Hi! I'm afraid I have no advice since I'm in the same situation except going back in December when my daughter will be close to 14 months. She's not eating much yet (solids) so for now I haven't dropped any breastmilk feed which makes me a bit anxious as I won't be able to feed her so often for much longer.

I was going to go back part time for now which was perfect and mostly working from home but last week my company told me I probably need to go back full time but that they will confirm in October. For now I'm in denial tbh... I hope you get some more useful replies 😅 and that it all goes great whatever you decide to do xx

Esme78 profile image
Esme78 in reply to QT314

Good luck with your situation too.

I had a similar issue with returning while breast feeding but the issue was that she wouldn't have any milk when it wasnt straight from me. I found she very quickly got used to at nursery there wasnt any and she just had food and there were so much distraction. It's still an issue at home if I am not there as she expects it there. I found it hard but it got easier quickly.

Esme78 profile image
Esme78 in reply to Claireeeeeeeeeeeee

Thanks for your encouraging response, I did hear that babies and toddlers are very flexible and adaptable and that they work out the way to have milk when mum is around whilst being super busy in a nursery. Let's hope it's our situation too xxx

Loopy_lass profile image
Loopy_lass

Hi,

Sorry your are feeling anxious about returning to work. It is hard but does get easier and it will do you both good having time apart and be great for your little girl to go to nursery and for you to be you again.

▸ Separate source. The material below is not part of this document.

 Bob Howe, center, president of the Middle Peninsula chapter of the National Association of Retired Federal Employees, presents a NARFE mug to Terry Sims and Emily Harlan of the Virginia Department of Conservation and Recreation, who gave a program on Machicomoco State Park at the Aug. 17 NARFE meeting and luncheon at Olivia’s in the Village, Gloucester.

I returned to work when my little boy was 10 months old and was worried about B/feeding as he never took a bottle. Have you tried weaning her off some of her daytime feeds and replacing them with blue milk or water? Or even a healthy snack? Luckily for me he dropped his feeds quite easily once on solids and I was able to just fed him before and after work and bedtime. When he got to about 11 months he was only really bothered about bedtime feed. He's 14 months now and he still has this but I think more of a comfort thing than actually needing it. Good luck 😘 x

Esme78 profile image
Esme78 in reply to Loopy_lass

Thank you for your reply. I've always wanted our little one to wean herself off breast as organically and naturally as possible. Her feeds are changeable but she likes them regularly. I left a bottle of expressed milk for her (took me a month to express one bottle!) when I had a meeting at work last February and she did not have any so I lost the confidence to continue expressing. She likes her food too but goes through patches - I guess related to her development, excitement of doing things rather than eating and teething. Plus she has a very fussy daddy! Thanks for your advice though.

Seb9 profile image
Seb9

I went back to work when little one was 8 months old, she's 11 months now.

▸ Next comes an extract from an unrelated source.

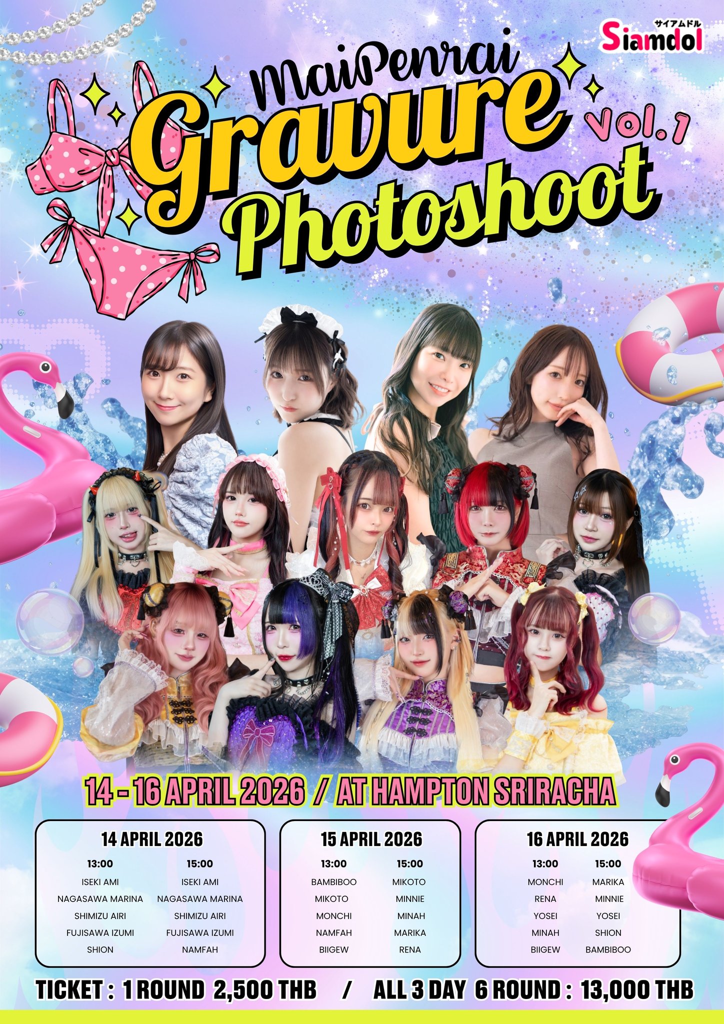 タイのアイドルプロダクションであるSiamdol(サイアムドル)は、グラビア撮影イベント『Maipenrai Gravure Photoshoot Vol.1』を開催すると発表しました。会場は、約7000人の日本人が暮らすことで知られるタイ東部チョンブリ県シラチャの「Hampton Sriracha」。2026年4月14日から16日までの3日間、各日13:00と15:00の2回実施されます。

She's with her grandparents during the day and she's been fine on just food and water. I feed her in the morning and then again as soon as I get in from work and overnight. I think at first I thought I was the only one who give her the comfort she needs but my mum has developed her own ways with baby and same with my mother in law and now I feel more confident leaving her with them but at first it was hard. Now they have so much fun with her I hardly worry, they come home with lovely stories about what they've been up to.

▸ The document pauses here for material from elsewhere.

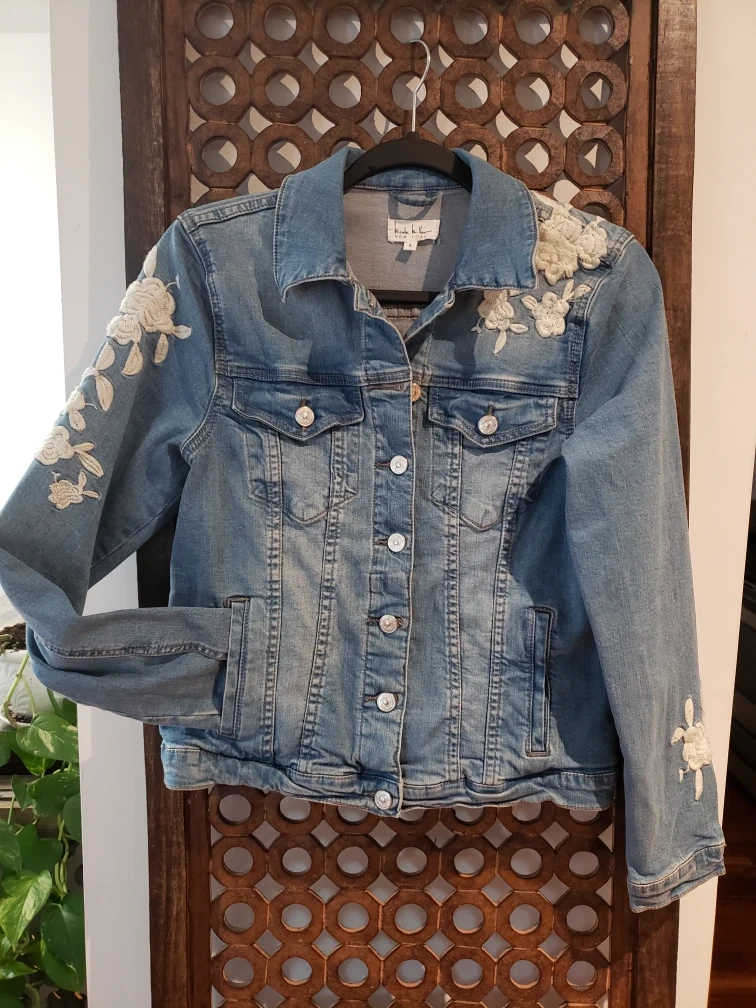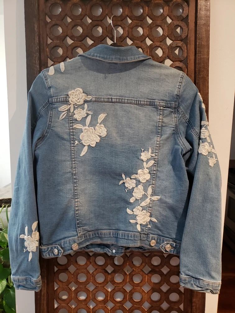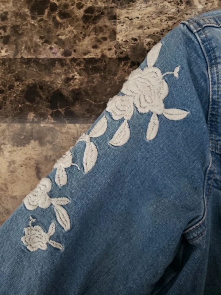 Light wash denim jacket with white floral embroidery on the back, shoulders, and sleeves.

I send her off with a packed lunch big enough for a grown man, with everything she might possibly want. They've also got a bottle and ready made formula if she needs it but she normally does fine without.

If I'm around though it's different and she'll have a few feeds during the day, but some of that's me taking the easy route to get her to sleep for her nap etc.

Now I know she's OK without me I love being back at work, I miss baby but it's nice to speak to adults about non baby things and be able to use some of my other skills.